Sentence splitting forms the foundation. Naive regex-based splitting fails on abbreviations, decimal numbers, and edge cases. Use a tokenizer-aware splitter that understands sentence boundaries in your target language.

Paragraph detection identifies topic shifts within documents. Sections separated by blank lines or headings typically represent distinct concepts. Long paragraphs may contain multiple sub-topics requiring subdivision.

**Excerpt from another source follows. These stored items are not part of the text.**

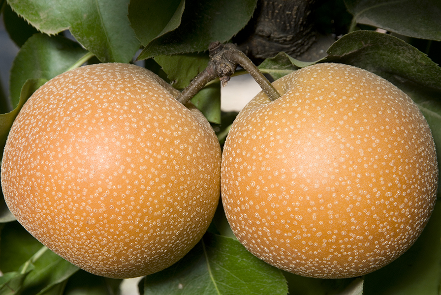 Large, top quality fruit; high scoring in taste tests; perhaps the tastiest Asian pear. Juicy, very sweet, flavorful, refreshing, low acid. Brownish orange skin, russet type. Blooms late, ripens early to mid August. Zones 5 to 10. 3-400 hours. Pollenized by Shinko, Chojuro, Bartlett or 20th Century. Available on OHxF 333.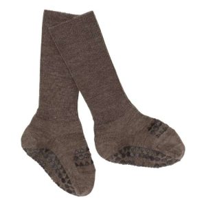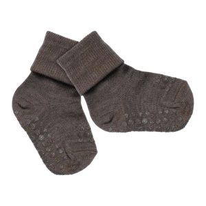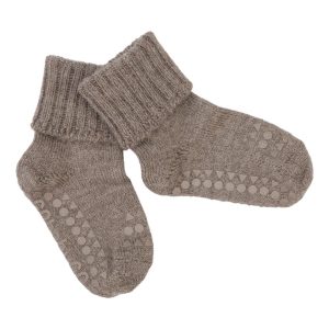 Non-slip socks merino wool – brown melange
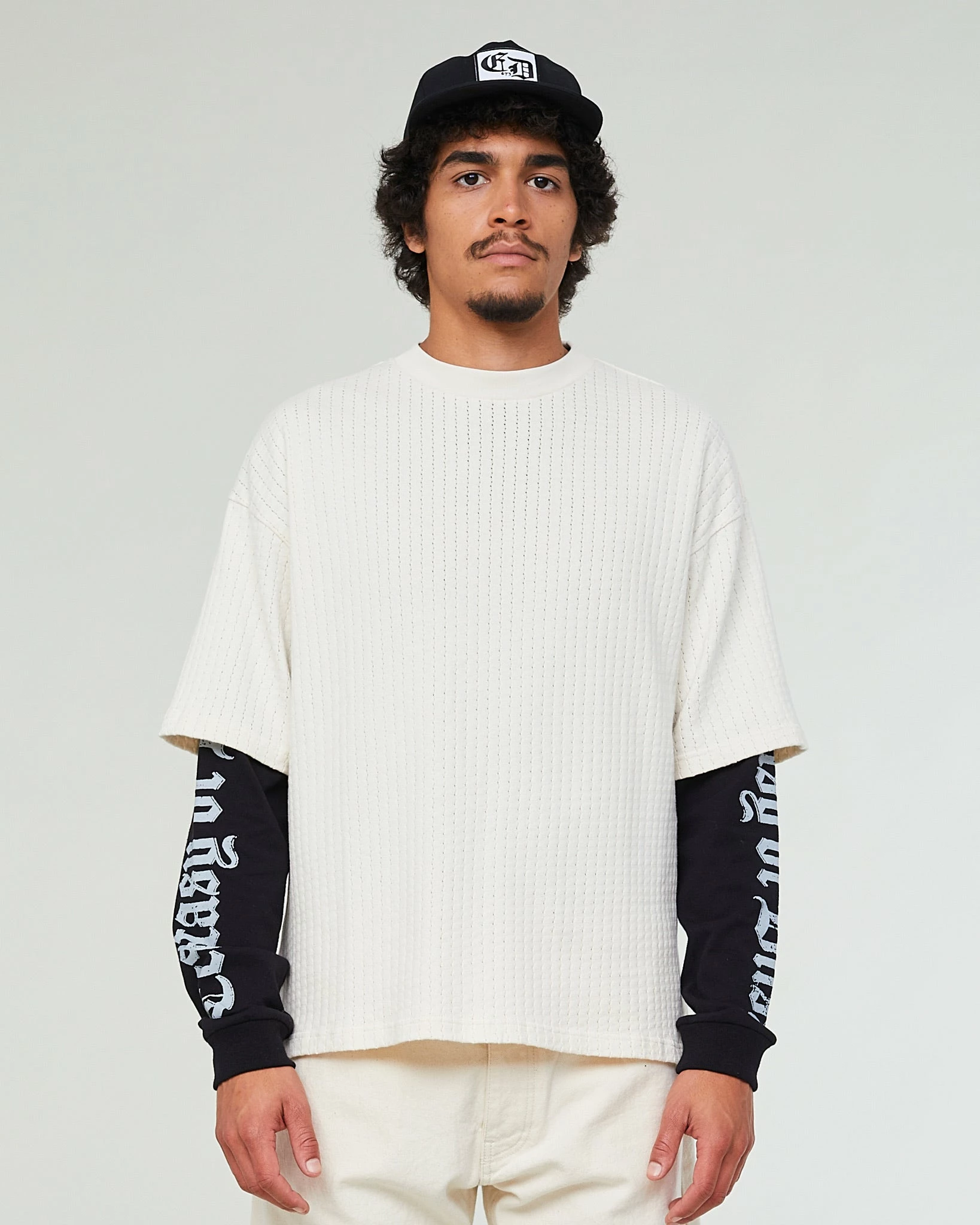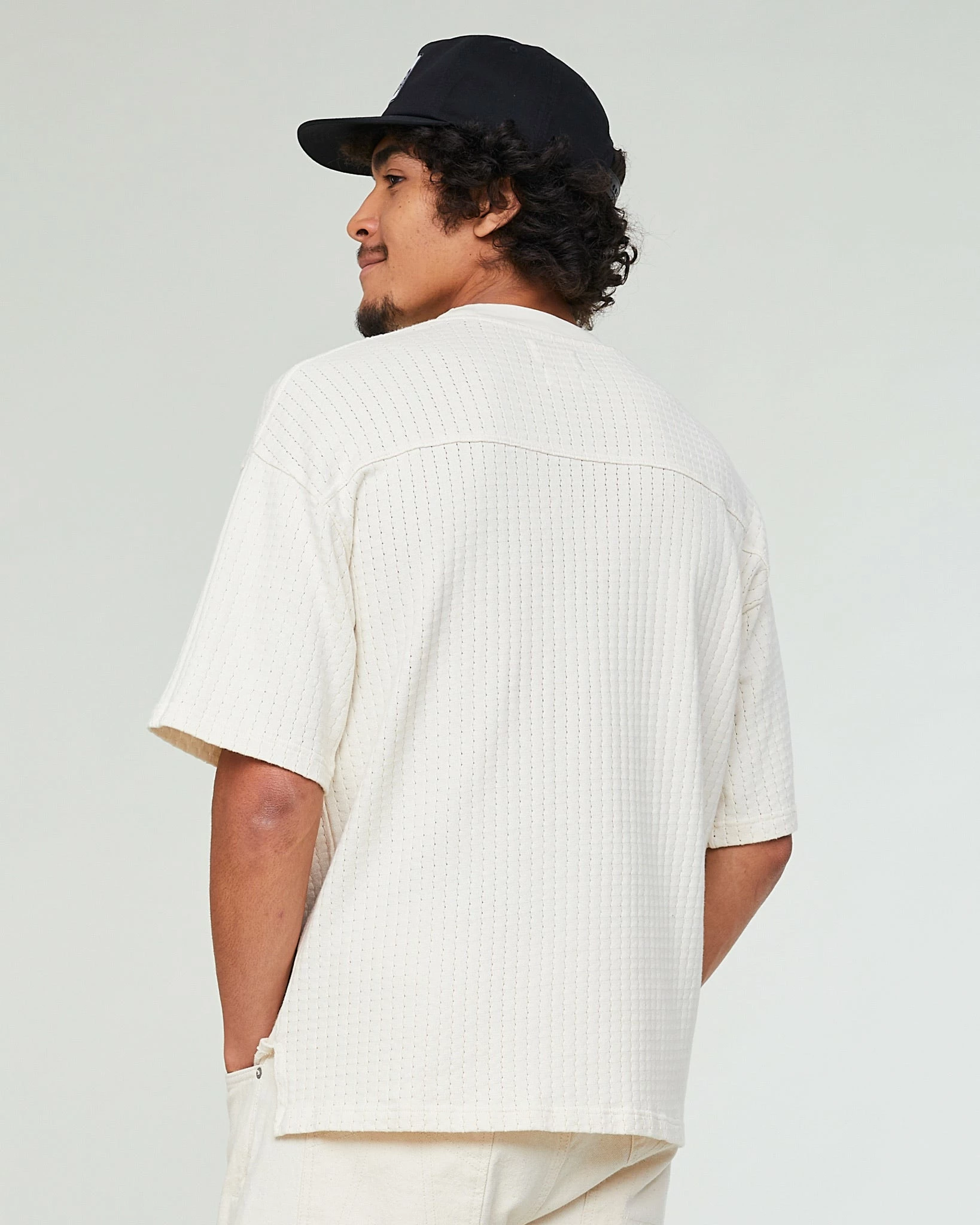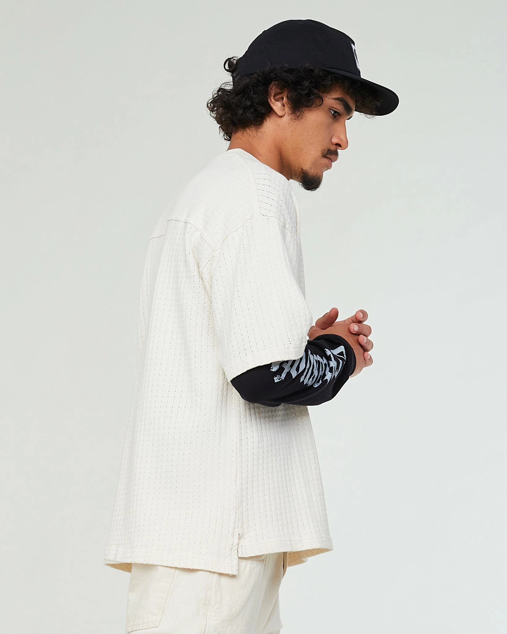 Our Big T isn’t just big and oversized, it’s also as soft as can be. This mesh version is something else for sure. Finished with elbow-length sleeves and a subtle slit down the sides. Cut just a bit longer on the back as well.Â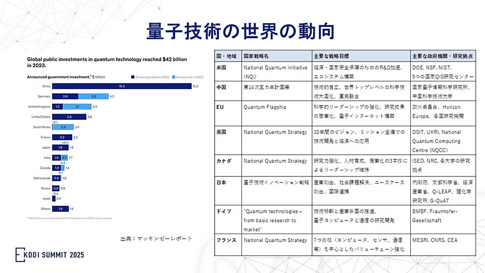 藤井から「AIはLLMで日本が出遅れた印象があるが、量子技術において日本は世界でどのような状況にあるのでしょうか」と問われた山城氏は、各国の政府機関の投資計画を紹介し、日本の強みについて言及しました。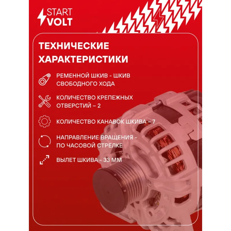Генератор для автомобилей Лада Vesta (15-)/XRay (15-) 1.6i (тип Bosch) 125A Описание: Оригинальный генератор STARTVOLT LG 0910 рассчитан на ток 125 А и напряжение 14 В. Изготовлен аналогично оригинальной конструкции тип BOSCH. Шкив свободного хода (7PK, диаметр 49 мм) полностью совместим с оригинальными агрегатами. Подходит для автомобилей: LADA XRAY, VESTA, RENAULT LOGAN / STEPWAY, KAPTUR.. Если у вас есть вопросы по применяемости, мы всегда готовы помочь вам с подбором по VIN-НОМЕРУ ВАШЕГО АВТОМОБИЛЯ. Преимущества: - Полностью соответствует оригинальным узлам; - Высокоточная сборка с пооперационным контролем качества; - Каждый генератор проходит стендовое тестирование — протокол в комплекте; - Надёжность в любых условиях эксплуатации; - STARTVOLT 15 лет на рынке автоэлектрики — нам доверяют профессионалы; - Гарантия 2 года; - Сертифицирован по стандарту EAC (ЕАЭС) — соответствует требованиям безопасности и качества; Автомобильный генератор в сборе — готов к установке. Отличный выбор для надежной замены штатного генератора. Характеристики: Артикул: LG 0910 OEM номера: 231001910R, 231000643R, 231001255R, 231006677R, 231007842R, F 000 BL0 7AT IDE код: 48 Скорость сигнала: M Напряжение, В: 14 Выходной ток, А: 125 Тип подключения: COM/LIN Диаметр шкива, мм: 49 Ременной шкив: с ременным шкивом свободного хода Количество крепежных отверстий: 2 Количество канавок шкива: 7 Направление вращения: По часовой стрелке Вылет шкива, мм: 33 Сопутствующий товар: Регуляторы напряжения генераторов: VRR 0185 Сопутствующий товар: Шкивы генераторов с обгонной муфтой: SGP 0906 Подходит для авто: ВАЗ X-Ray (15-) Для проверки применяемости отправьте VIN автомобиля через вкладку "Есть вопросы о товаре?" Комплектация: Генератор - 1 шт Паспорт изделия/гарантийный талон - 1 шт Индивидуальный технический паспорт изделия (с фирменным ID) - 1 шт Гарантия: от 1 года.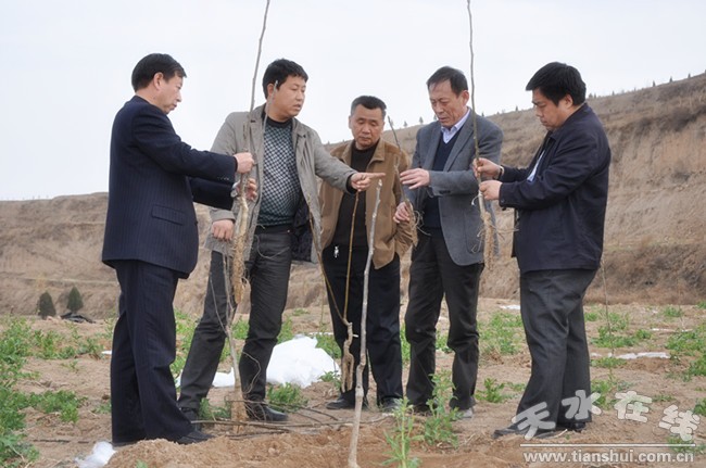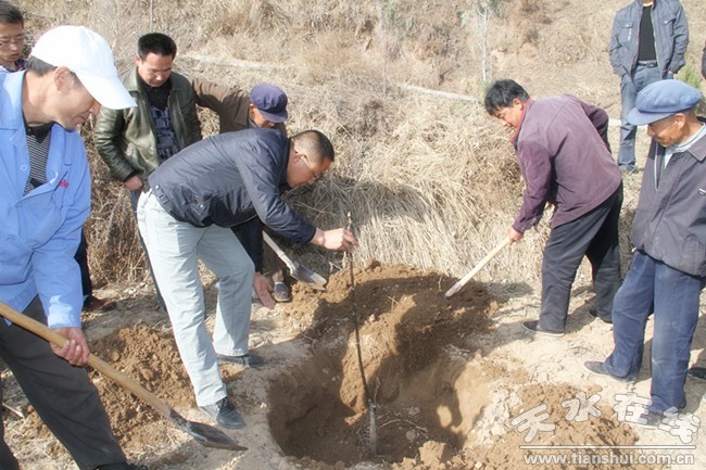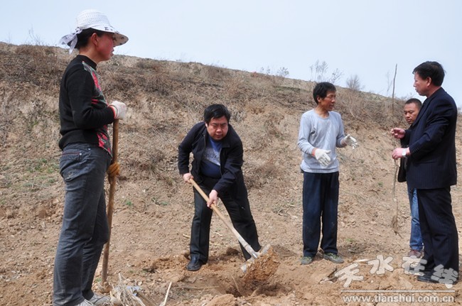 3月30日上午,省工信委副主任朱維繁帶領(lǐng)電子信息與軟件服務(wù)處處長(zhǎng)曹學(xué)義、信息安全與軍工保密處處長(zhǎng)陳忠等相關(guān)處室負(fù)責(zé)人,冒著蒙蒙細(xì)雨,赴 “雙聯(lián)”點(diǎn)麥積區(qū)新陽(yáng)鎮(zhèn)郭王—蒲池兩村檢查核桃苗木栽植情況,并親自參加植樹(shù)。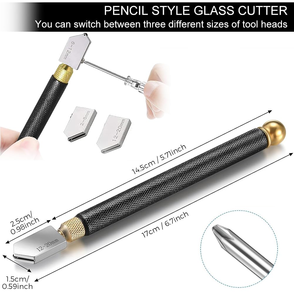 Für alle Heimwerker und Profis! Dieser Glasschneider macht das Schneiden von Glas und Fliesen zum Kinderspiel. Mit drei austauschbaren Schneidköpfen für Materialstärken von 2-20mm bist du für jedes Projekt gerüstet. Das automatische Ölsystem sorgt für saubere Schnitte ohne Risse. Inklusive: • 3 Schneidköpfe (2-6mm, 6-12mm, 12-20mm) • Schneidöl • Werkzeuge für Wechsel • Ergonomischer Griff Perfekt für: • Spiegel schneiden • Fliesen bearbeiten • Mosaik-Arbeiten • DIY Projekte Einfach zu bedienen - auch für Einsteiger geeignet. Mit diesem Profi-Werkzeug meisterst du jedes Glas-Projekt!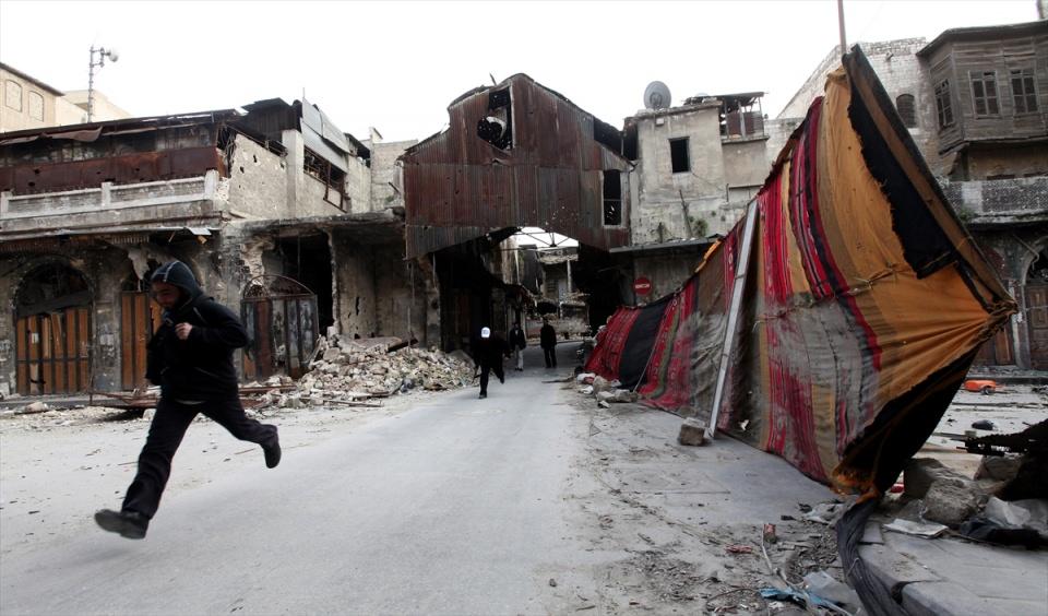 Halep'in Selahaddin Mahallesi'nde kalanlar keskin nişancılara karşı gerilen kumaş parçalarının ardından koşarak geçiyorlar. (Arşiv)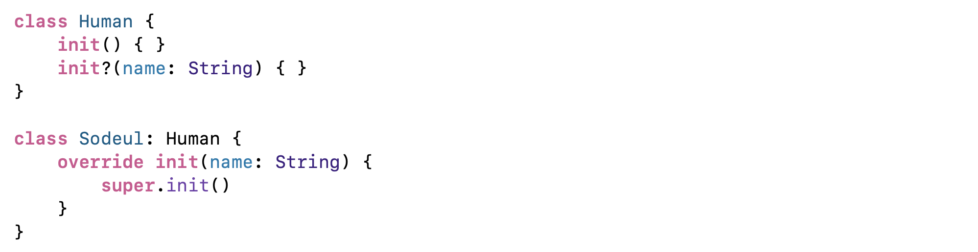 위처럼 슈퍼 클래스 Human에서 작성된 init?(name:),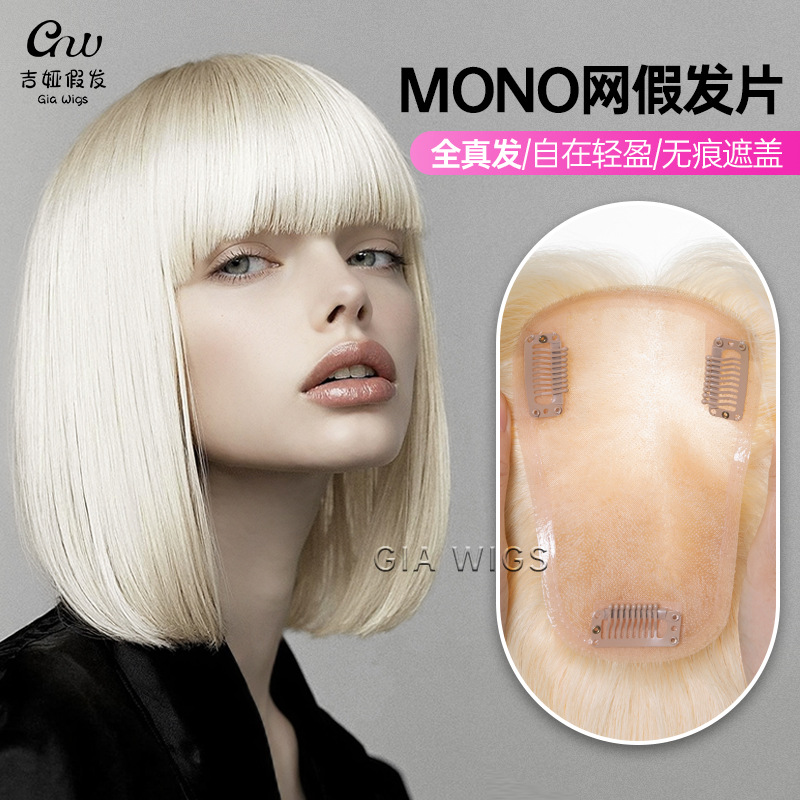 本物の髪の女性モノネットは、頭皮の頭の上に髪を隠して、ふわふわした頭の上に薄い通気性のかつらをシミュレートします。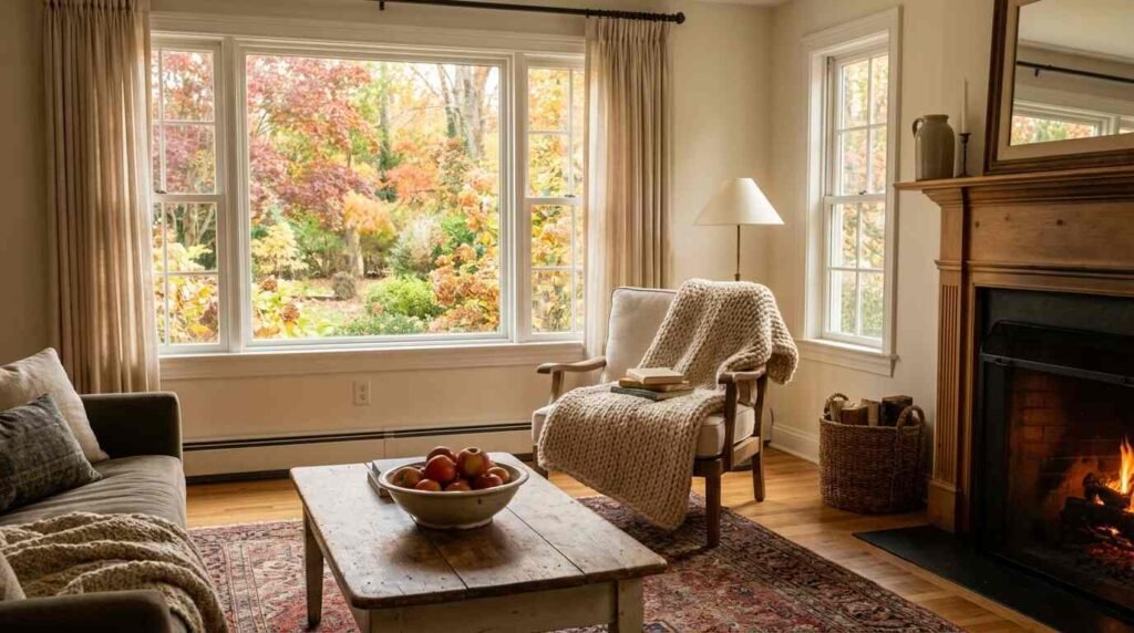 Stage for warmth. Spring staging is about lightness — throw open the windows, clear the surfaces, let the air in. October staging is about drawing the buyer in. Textiles matter more. The kitchen smells like something warm. The reading chair by the window with the view of the trees in color is not incidental; it is the pitch. I’ve seen buyers circle back to a house they visited once in October purely because they couldn’t stop thinking about what it felt like in there.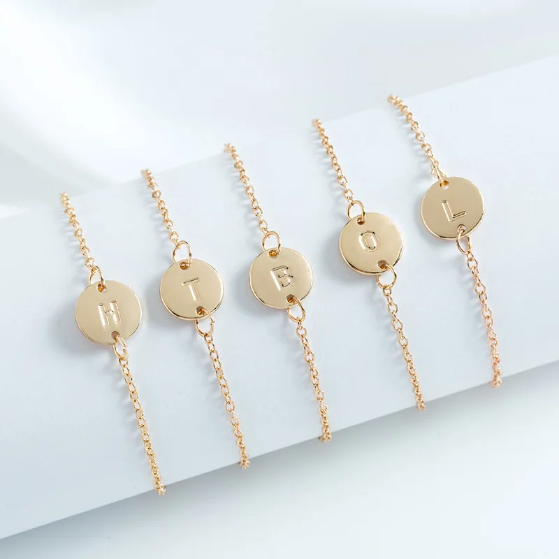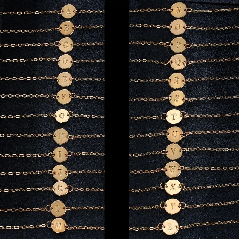 Золотистыйстальной цвет, 26 алфавитов, оригинальные светлые браслеты для женщин и девушек, регулируемый цепочка для пар, браслет-амулет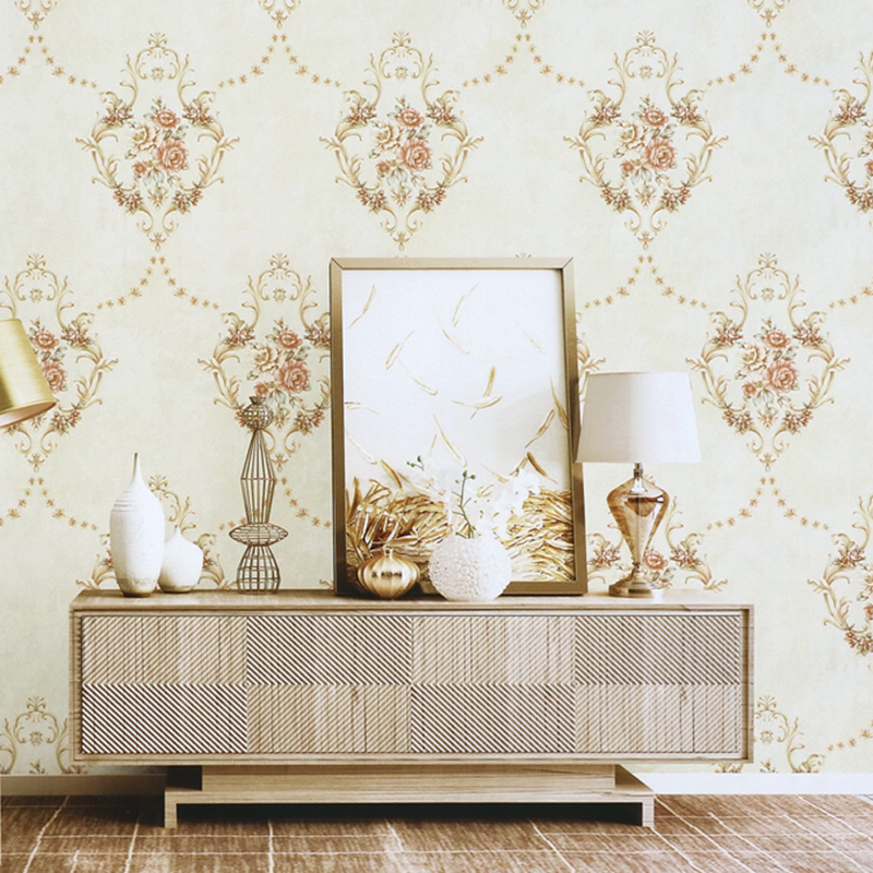 非自粘无纺布刷胶墙纸3D立体浮雕欧式田园客厅卧室温馨家用壁纸

Hierarchical merging combines short segments up to a target size while respecting semantic boundaries. Merge paragraphs until reaching the target chunk size, but stop at heading boundaries.

import re
from typing import List, Tuple

def semantic_chunk(
    text: str,
    min_chunk_size: int = 100,
    max_chunk_size: int = 500,
    overlap: int = 50
) -> List[Tuple[str, dict]]:
    """Split text into semantically coherent chunks with overlap."""
    
    # Split into paragraphs at blank lines
    paragraphs = re.split(r'\n\s*\n', text)
    
    chunks = []
    current_chunk = []
    current_length = 0
    
    for para in paragraphs:
        para = para.strip()
        if not para:
            continue
            
        para_length = len(para)
        
        # If single paragraph exceeds max, split by sentences
        if para_length > max_chunk_size:
            sentences = split_into_sentences(para)
            for sentence in sentences:
                if current_length + len(sentence) > max_chunk_size:
                    if current_chunk:
                        chunks.append(('\n'.join(current_chunk), {}))
                    current_chunk = []
                    current_length = 0
                    # Carry overlap
                    if overlap > 0 and current_chunk:
                        current_chunk = current_chunk[-1:]
                current_chunk.append(sentence)
                current_length += len(sentence)
        else:
            if current_length + para_length > max_chunk_size:
                chunks.append(('\n'.join(current_chunk), {}))
                # Start new chunk with overlap from previous
                overlap_text = '\n'.join(current_chunk)[-overlap:] if overlap else ''
                current_chunk = [overlap_text, para] if overlap_text else [para]
                current_length = len(overlap_text) + para_length
            else:
                current_chunk.append(para)
                current_length += para_length
    
    if current_chunk:
        chunks.append(('\n'.join(current_chunk), {}))
    
    return chunks

def split_into_sentences(text: str) -> List[str]:
    """Use punctuation-aware sentence splitting."""
    # Split on sentence-ending punctuation followed by space and uppercase
    sentences = re.split(r'(?<=[.!?])\s+(?=[A-Z])', text)
    return [s.strip() for s in sentences if s.strip()]